Uit Wikipedia, de vrije encyclopedie
Volkswagenfabriek in Emden.

De industrie in Duitsland is de grootste van Europa gevolgd door de industrie van Frankrijk, het Verenigd Koninkrijk, en Italië.

Duitsland is een van 's werelds grootste en technologisch hoogst ontwikkelde producenten van ijzer, staal, kolen, cement, chemicaliën, machines, voertuigen, machineonderdelen, elektronica, voedingsproducten en textielproducten.

Geschiedenis[bewerken | brontekst bewerken]

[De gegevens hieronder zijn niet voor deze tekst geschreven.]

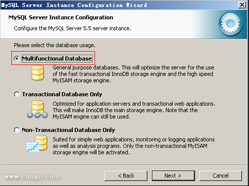 10.这里是选择数据库用途,第一种是多功能用途,将把数据库优化成很好的InnoDB存储类型和高效率的MyISAM存储类型,第二种是只用于事务处理类型,最好的优化InnoDB,但同时也支持MyISAM,最后一种是非事务处理类型,适合于简单的应用,只有不支持事务处理的MyISAM类型是被支持的。所以这里我们选择第一种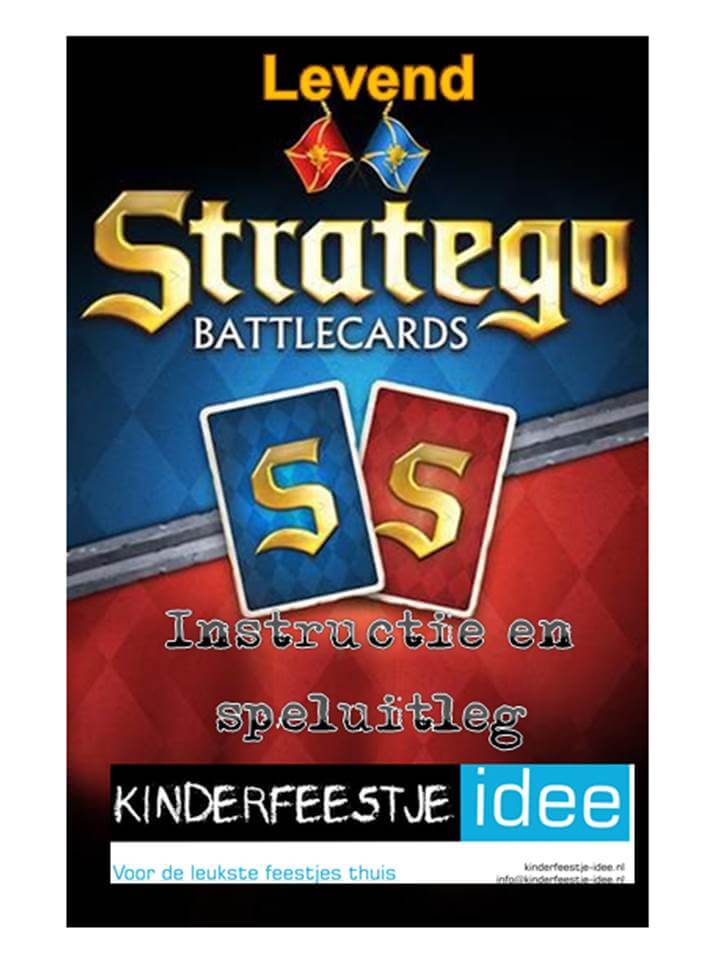 Zeer geschikt voor grote groepen (te spelen tot 50 kinderen!) Je kunt gedrukte Levend Stratetego kaartjes kopen (72 stuks) met 2 grote Levend Stratego vlaggen. Instructie kun je downloaden. Zeer betaalbaar en meermalen te gebruiken.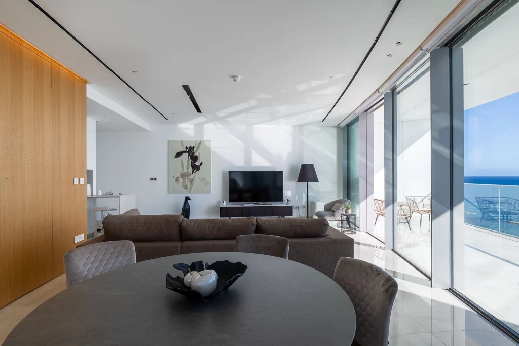 Upon entry, abundant natural light illuminates the spacious interior, accentuating stunning sea views through expansive sliding glass doors. The apartment’s design features a harmonious mix of marble, glass, stone, and stainless steel, creating a contemporary ambiance enhanced by wood and natural tones.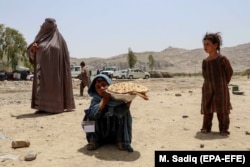 Женщина с детьми в Кандагаре. Фото сделано 4 августа 2021 года, когда на окраинах города велись бои между правительственными силами и талибами.
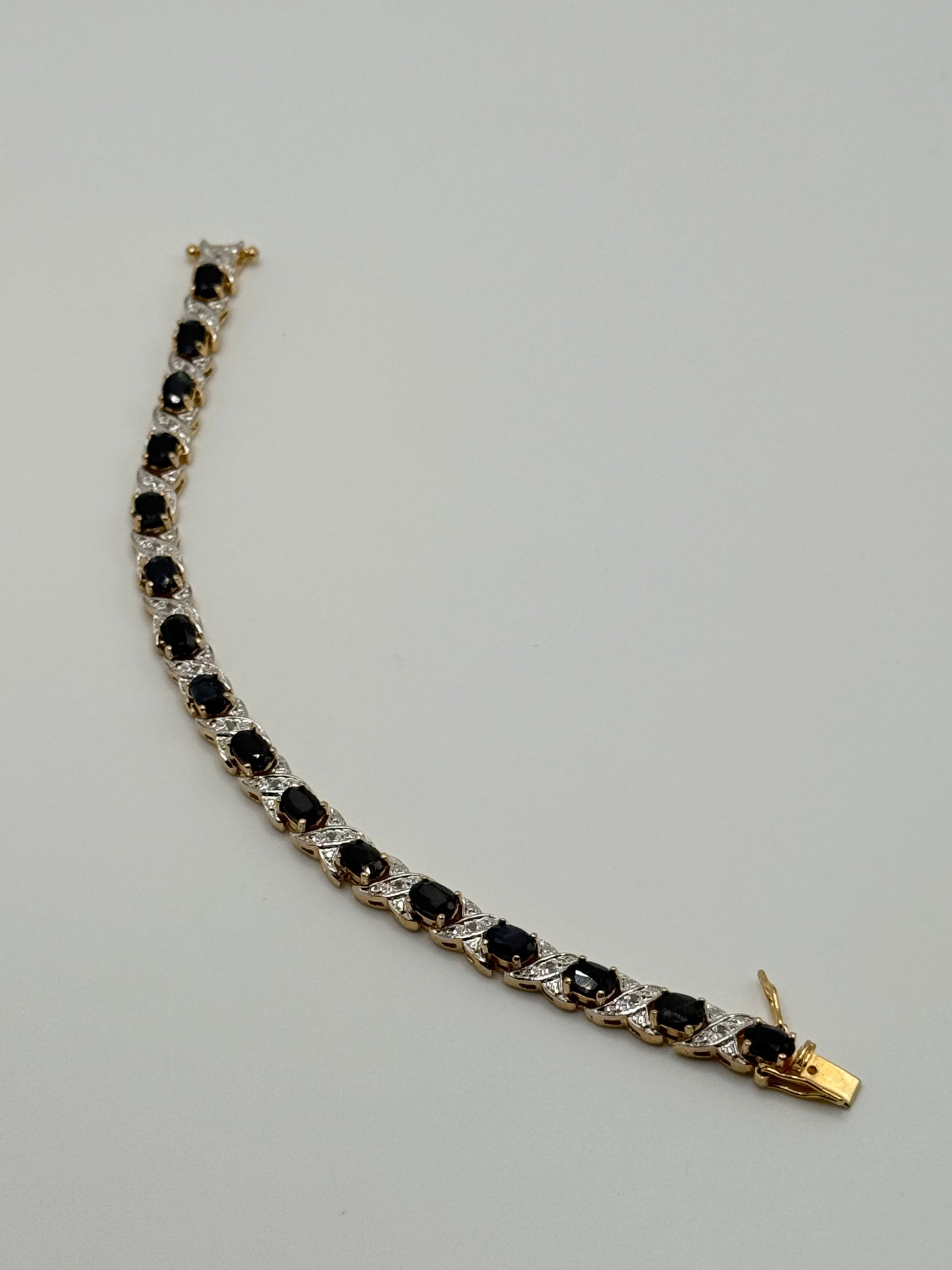 .925 Sterling Silver Black Onyx CZ Tennis Style Bracelet Gold Vermeil 7”

BASF in Ludwigshafen, 1881
Krupp in Essen, 1961

In de tijd van de Industriële revolutie groeide het Ruhrgebied uit tot een van de grootste industriegebieden in Europa. Het Ruhrgebied als industriële zone dateert uit medio 19e eeuw, eerder later. Daarvoor was het een gewone plattelandsregio met de daarbij horende kenmerken. Sinds de Middeleeuwen werd er steenkool gedolven. De ontwikkeling van de stoommachine maakte het mogelijk om op grootschalige wijze de aanwezige steenkool te delven. Gecombineerd met ijzererts uit de nabije regio, maakte dit het Ruhrgebied aantrekkelijk voor de vestiging van staalindustrie.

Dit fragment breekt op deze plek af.